The Packers signed Emanuel Wilson as an undrafted free agent this spring. The Fort Valley State product loves to wear down defenses and recorded big rushing and receiving numbers in college.

He is making a big jump from Fort Valley State to the NFL, but many scouts feel he can be good enough to eventually make an NFL roster.

Wilson is a long shot with this running back group but hopes to make a strong first impression and at least earn a spot on the practice squad.

Three Key Questions

Packers Running Back Question Number 1: Will the Run Game Be Featured More?

With Jordan Love taking over for Aaron Rodgers, will Matt LaFleur lean on his running game a little more, especially early in the season?

The top pair could see more carries although the Packers will still likely be a team that passes more than they run the football.

How they distribute the carries will be an interesting question and how the running backs manage the potentially heavier load will be interesting.

Question Number 2: Who Will Be the Third Running Back

The battle to be the third running back is wide open. Taylor is a known quantity and a steady presence, but Goodson is a more dynamic runner. Nichols is a draft pick, and the Packers tend to keep them for at least a year. Wilson was a very productive back in college.

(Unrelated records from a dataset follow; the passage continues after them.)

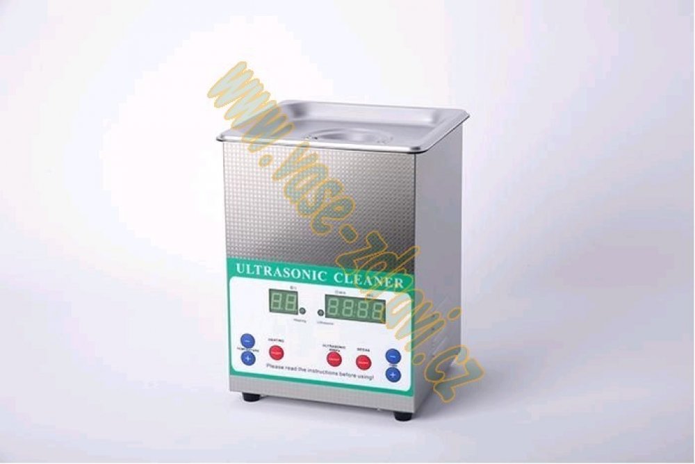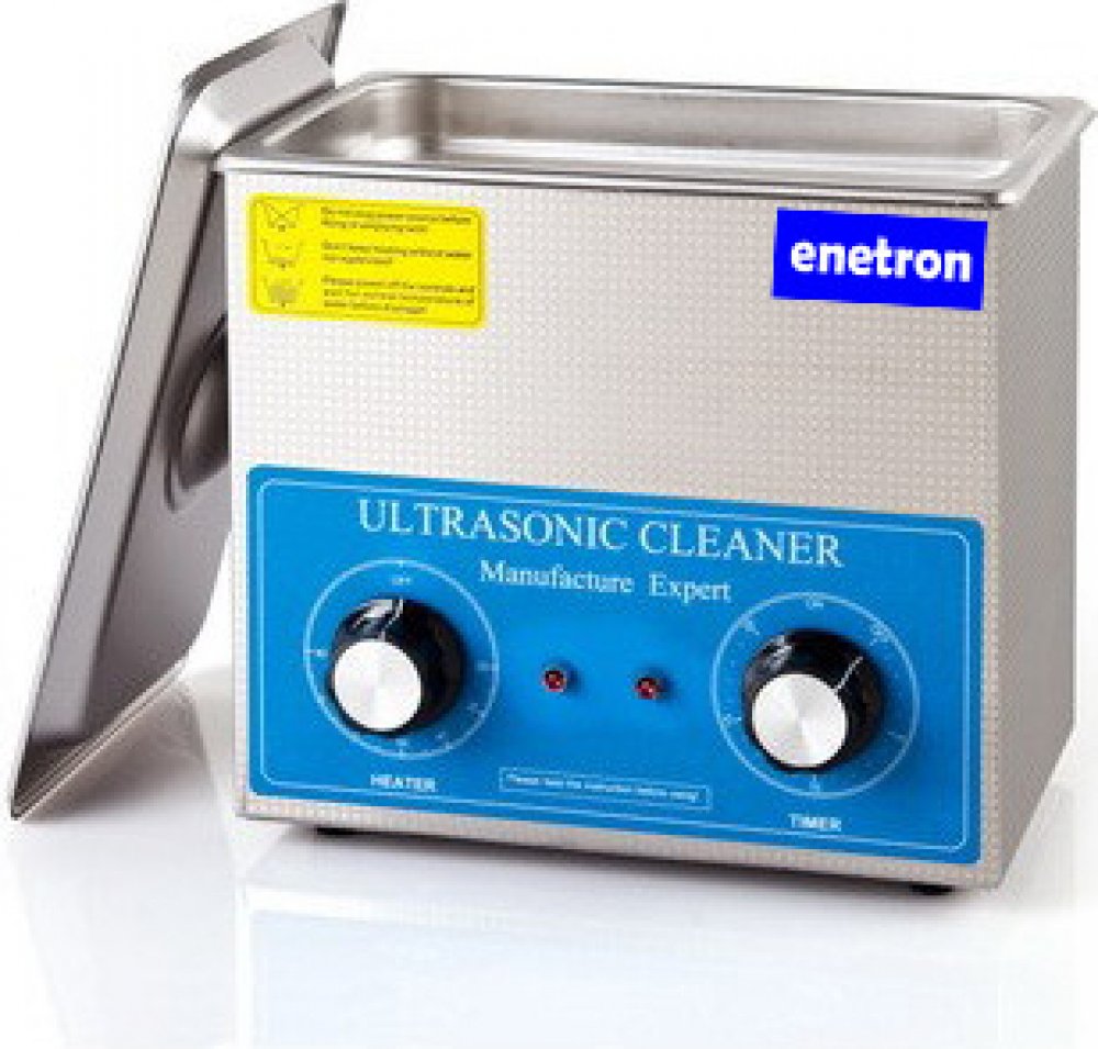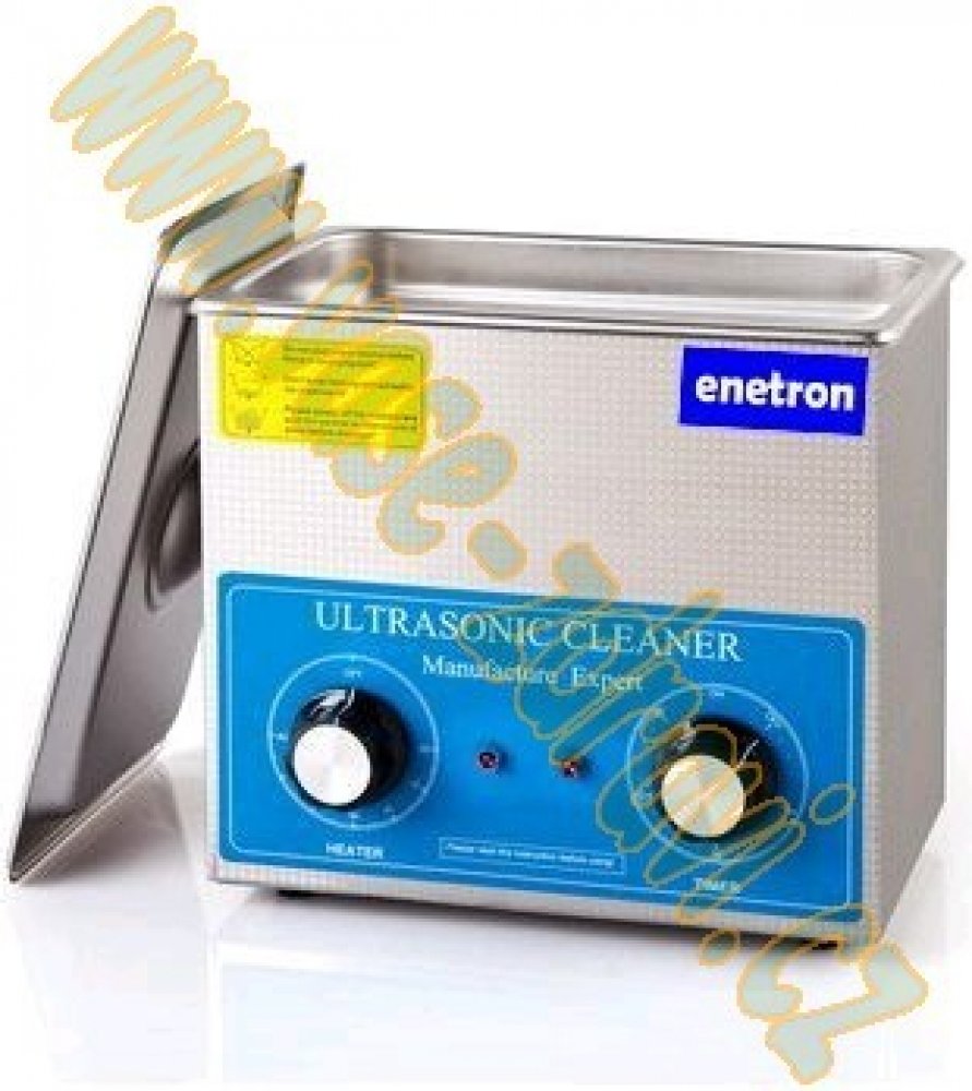 Ultrazvuková čistička ENE III - 3L (název vznikl zkrácením názvu ENETRON) v celonerezovém provedení (nerez SUS304) má mechanické nastavování teploty (20-80°C) a času čištění.
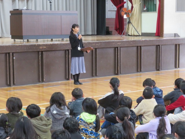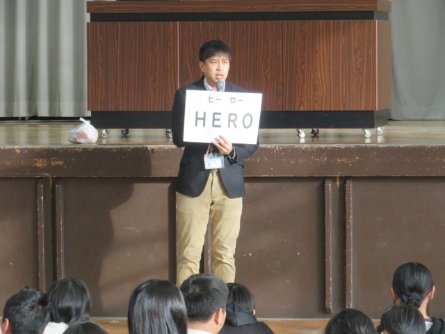 生徒指導の先生からは、地域の公園のごみ拾いに進んで取り組んだ子の話から、「この冬休みは、家のことや手伝いなど、地域や家庭の『HERO(ヒーロー)』になってくださいね」という話がありました。
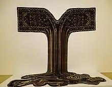 While Ahmed has created artworks in multiple media, including sculpture, video, and installation, he is best known for his surrealist sculptural textiles, which apply optical illusions in the form of often psychedelic visual manipulations (including warping, glitching, melting, pixelating, and unraveling) to traditional Islamic rugs.[6] The textiles are manufactured by a group of skilled weavers who follow Ahmed's designs paying strict attention to traditional Azerbaijani weaving techniques.[7][8]
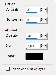 7 - Selections > Select None. Layers > Merge > Merge Down. Effects > 3D Effects > Drop Shadow: 0 / 0 / 50 / 7, color #000000

Special teams will be a factor in deciding who makes the roster as will the ability to pass protect. The team is likely to keep two running backs on the practice squad even if they keep three running backs on the initial 53-man roster.

Last year, they started the season with two running backs on the active roster before elevating Taylor from the practice squad after his options ran out. The need to keep a player at another position may determine whether the team initially keeps two or three backs.

Packers Running Back Question 3: Will A.J. Dillon Have a Big Contract Year?

The future is up in the air for both Jones and Dillon. Jones restructured his deal over the offseason to stay in Green Bay, but his projected cap hit for 2024 is $17.1 million according to That number is simply too high for a running back in the modern NFL. Jones will likely have to renegotiate again to stay with the Packers beyond 2023.

Dillon enters the final year of his entry-level deal and needs a big season to secure a lucrative deal for 2024. Many players have their best seasons in their contract year and the Packers certainly hope that will be true for Dillon as well. He certainly has the incentive to have a big year in 2023.